Assignment:
Please report every line in the entries that contains the string "during".

Data extracted from a collection
[Start of section]

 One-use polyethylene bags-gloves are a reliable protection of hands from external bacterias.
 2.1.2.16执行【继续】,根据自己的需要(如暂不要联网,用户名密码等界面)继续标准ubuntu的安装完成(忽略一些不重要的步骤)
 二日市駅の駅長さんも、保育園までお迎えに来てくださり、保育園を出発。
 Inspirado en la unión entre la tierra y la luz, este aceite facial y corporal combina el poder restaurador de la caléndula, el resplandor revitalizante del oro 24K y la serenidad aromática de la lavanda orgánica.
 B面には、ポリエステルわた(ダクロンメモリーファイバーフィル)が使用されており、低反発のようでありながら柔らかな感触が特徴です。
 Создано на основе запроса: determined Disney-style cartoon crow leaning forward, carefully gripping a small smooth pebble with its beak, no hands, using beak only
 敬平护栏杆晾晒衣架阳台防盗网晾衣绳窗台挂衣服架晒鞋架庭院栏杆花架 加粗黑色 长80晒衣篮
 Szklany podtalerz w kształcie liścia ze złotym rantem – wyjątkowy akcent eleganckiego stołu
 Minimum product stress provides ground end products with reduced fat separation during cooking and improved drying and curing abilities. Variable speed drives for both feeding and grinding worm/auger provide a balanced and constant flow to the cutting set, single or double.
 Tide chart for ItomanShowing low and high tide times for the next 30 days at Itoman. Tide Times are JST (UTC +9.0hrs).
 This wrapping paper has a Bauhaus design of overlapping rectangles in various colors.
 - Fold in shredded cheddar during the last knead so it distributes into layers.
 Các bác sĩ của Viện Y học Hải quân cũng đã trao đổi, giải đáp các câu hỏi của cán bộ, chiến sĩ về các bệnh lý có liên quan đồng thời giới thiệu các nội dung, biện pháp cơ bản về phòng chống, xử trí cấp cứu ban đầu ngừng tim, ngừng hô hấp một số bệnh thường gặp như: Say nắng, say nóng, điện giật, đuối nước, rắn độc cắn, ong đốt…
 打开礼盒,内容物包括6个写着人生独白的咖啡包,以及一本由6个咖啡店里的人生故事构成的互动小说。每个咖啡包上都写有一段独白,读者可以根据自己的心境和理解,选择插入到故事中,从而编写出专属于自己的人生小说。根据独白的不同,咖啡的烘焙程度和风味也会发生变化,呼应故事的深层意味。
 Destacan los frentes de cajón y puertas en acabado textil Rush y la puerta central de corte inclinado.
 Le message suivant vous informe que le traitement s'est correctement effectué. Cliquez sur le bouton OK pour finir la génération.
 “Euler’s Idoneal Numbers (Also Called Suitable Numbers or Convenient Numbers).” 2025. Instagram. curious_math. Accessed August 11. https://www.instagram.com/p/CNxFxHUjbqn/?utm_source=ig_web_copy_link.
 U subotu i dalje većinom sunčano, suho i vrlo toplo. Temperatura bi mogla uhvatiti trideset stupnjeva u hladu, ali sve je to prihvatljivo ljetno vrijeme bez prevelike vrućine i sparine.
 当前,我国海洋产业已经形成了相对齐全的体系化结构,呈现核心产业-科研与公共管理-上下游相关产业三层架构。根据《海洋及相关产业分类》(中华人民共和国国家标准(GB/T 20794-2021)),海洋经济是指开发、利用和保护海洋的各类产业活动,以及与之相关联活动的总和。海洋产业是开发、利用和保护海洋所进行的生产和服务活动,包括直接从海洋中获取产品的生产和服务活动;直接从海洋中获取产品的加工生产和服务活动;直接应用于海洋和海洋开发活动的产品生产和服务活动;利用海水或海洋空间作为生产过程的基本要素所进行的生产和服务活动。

[End of section]

Output of the exercise:
 Minimum product stress provides ground end products with reduced fat separation during cooking and improved drying and curing abilities. Variable speed drives for both feeding and grinding worm/auger provide a balanced and constant flow to the cutting set, single or double.
 - Fold in shredded cheddar during the last knead so it distributes into layers.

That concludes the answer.